** Material shown **
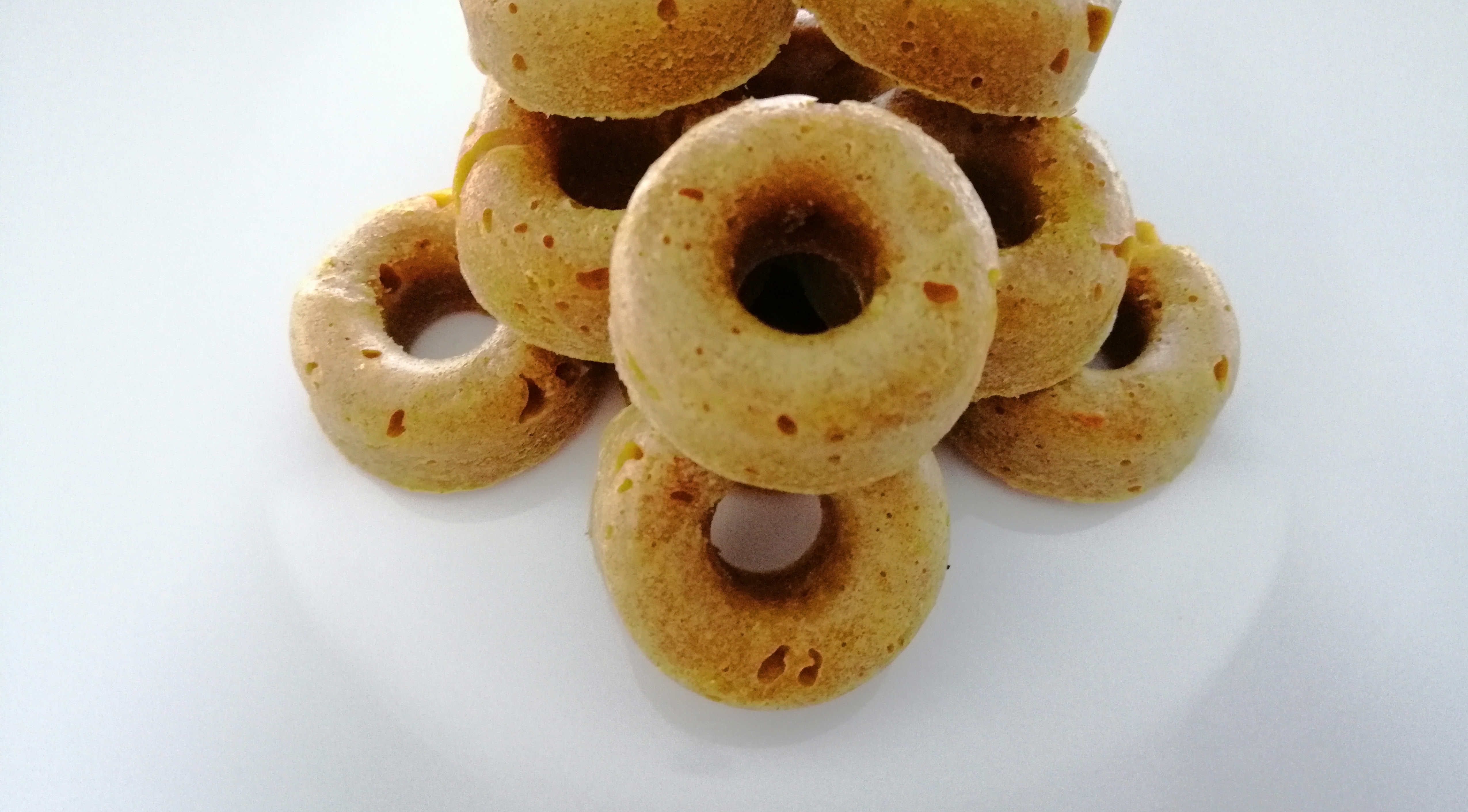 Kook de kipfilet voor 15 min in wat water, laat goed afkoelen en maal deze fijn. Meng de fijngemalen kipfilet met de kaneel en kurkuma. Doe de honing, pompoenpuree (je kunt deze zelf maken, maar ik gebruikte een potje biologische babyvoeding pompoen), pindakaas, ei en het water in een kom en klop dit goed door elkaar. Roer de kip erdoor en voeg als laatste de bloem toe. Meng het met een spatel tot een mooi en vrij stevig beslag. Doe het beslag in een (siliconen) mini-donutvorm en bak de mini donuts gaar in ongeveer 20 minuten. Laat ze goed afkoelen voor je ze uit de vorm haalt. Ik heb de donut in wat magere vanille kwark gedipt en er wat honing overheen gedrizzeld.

* * *

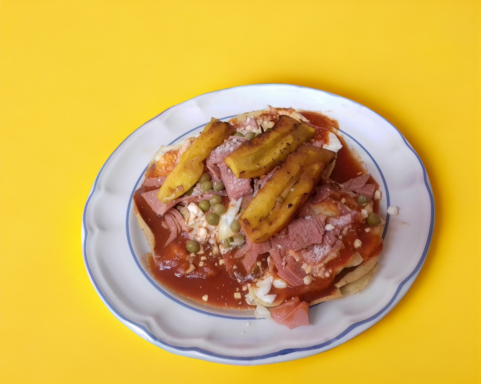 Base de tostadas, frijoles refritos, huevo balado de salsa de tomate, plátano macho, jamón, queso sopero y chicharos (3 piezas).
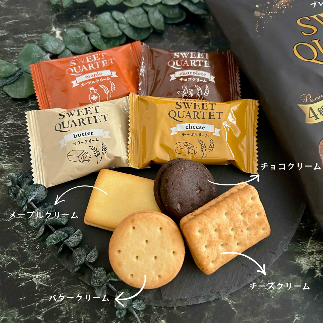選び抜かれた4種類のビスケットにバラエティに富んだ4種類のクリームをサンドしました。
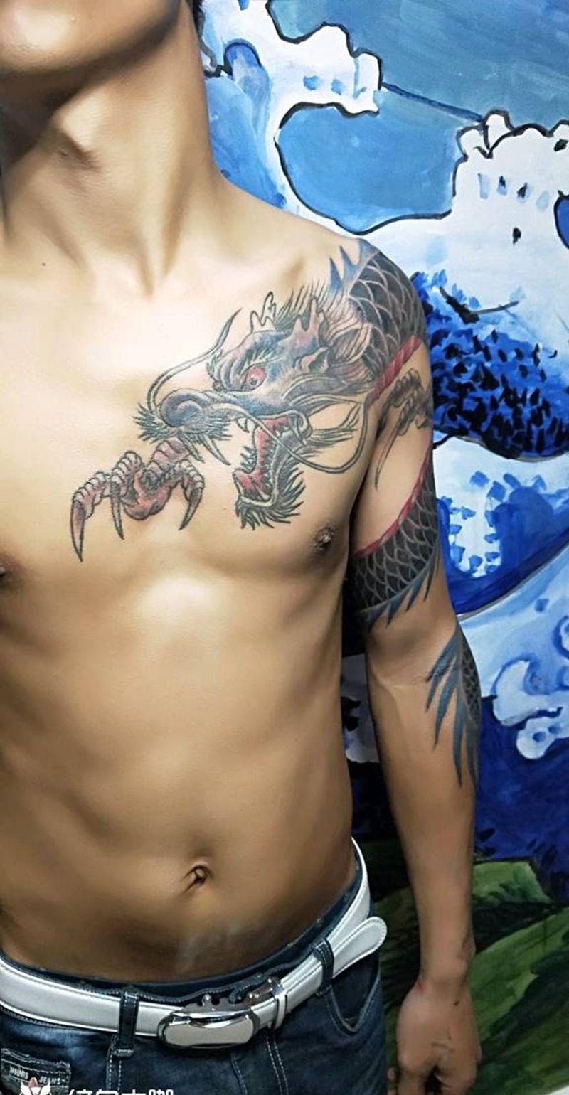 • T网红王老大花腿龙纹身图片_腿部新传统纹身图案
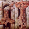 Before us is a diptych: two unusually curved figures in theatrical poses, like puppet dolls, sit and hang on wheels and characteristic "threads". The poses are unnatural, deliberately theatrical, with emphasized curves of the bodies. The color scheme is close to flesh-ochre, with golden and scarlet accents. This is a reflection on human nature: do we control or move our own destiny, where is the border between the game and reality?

--

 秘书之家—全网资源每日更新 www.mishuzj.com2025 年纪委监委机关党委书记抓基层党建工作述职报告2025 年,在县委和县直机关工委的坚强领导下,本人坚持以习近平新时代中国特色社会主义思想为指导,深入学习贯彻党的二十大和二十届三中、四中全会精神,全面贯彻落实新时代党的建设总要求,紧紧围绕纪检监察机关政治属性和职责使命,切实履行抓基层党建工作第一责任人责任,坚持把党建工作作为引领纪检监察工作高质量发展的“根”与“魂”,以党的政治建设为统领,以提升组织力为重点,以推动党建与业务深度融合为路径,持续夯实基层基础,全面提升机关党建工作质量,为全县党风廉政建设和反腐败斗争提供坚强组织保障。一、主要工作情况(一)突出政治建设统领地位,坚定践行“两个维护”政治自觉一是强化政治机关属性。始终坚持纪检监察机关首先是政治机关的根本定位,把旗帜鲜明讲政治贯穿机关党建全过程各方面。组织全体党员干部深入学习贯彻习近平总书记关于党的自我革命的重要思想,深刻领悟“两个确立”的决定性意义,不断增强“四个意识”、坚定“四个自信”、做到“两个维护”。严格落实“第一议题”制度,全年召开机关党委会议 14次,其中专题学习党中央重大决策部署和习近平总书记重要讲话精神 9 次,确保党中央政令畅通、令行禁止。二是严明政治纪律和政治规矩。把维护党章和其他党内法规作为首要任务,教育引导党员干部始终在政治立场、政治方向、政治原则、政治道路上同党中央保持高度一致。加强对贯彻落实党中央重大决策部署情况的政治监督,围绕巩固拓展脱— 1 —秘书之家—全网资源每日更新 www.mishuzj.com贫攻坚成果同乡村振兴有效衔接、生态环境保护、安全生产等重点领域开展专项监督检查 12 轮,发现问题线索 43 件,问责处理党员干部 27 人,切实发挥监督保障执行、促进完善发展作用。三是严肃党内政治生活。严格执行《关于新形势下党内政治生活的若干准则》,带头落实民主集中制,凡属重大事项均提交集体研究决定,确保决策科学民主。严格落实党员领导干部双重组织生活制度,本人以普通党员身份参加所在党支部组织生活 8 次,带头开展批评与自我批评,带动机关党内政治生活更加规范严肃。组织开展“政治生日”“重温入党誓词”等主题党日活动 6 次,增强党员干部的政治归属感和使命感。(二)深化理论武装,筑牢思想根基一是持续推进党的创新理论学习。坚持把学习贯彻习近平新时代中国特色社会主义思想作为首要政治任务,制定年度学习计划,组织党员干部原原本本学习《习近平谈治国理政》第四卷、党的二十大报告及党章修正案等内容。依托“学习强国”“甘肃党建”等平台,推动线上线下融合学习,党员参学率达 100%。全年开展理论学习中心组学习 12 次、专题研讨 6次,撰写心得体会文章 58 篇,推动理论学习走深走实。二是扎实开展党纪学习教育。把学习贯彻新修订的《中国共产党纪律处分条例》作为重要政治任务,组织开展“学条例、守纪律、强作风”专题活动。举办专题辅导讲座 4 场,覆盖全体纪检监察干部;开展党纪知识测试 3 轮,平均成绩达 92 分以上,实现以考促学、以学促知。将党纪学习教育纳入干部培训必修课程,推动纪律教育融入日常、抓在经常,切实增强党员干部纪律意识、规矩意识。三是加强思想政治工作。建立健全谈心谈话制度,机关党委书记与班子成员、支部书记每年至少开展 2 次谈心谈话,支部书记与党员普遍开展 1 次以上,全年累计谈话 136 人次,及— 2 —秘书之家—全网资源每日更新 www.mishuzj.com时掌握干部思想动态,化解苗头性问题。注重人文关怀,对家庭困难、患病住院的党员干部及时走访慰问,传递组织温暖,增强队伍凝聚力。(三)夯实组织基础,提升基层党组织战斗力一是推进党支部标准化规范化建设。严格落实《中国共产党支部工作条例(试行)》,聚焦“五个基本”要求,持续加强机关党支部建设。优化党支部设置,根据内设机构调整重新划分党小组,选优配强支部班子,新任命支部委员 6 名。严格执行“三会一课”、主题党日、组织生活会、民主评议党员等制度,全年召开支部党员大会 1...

** Exercise details **
Copy only these lines from the records above, exactly: the one with "Base de tostadas, frijoles", the one with "Before us is", and those between. Skip the pictures.

** Answer to this problem **
 Base de tostadas, frijoles refritos, huevo balado de salsa de tomate, plátano macho, jamón, queso sopero y chicharos (3 piezas).
選び抜かれた4種類のビスケットにバラエティに富んだ4種類のクリームをサンドしました。
 • T网红王老大花腿龙纹身图片_腿部新传统纹身图案
 Before us is a diptych: two unusually curved figures in theatrical poses, like puppet dolls, sit and hang on wheels and characteristic "threads". The poses are unnatural, deliberately theatrical, with emphasized curves of the bodies. The color scheme is close to flesh-ochre, with golden and scarlet accents. This is a reflection on human nature: do we control or move our own destiny, where is the border between the game and reality?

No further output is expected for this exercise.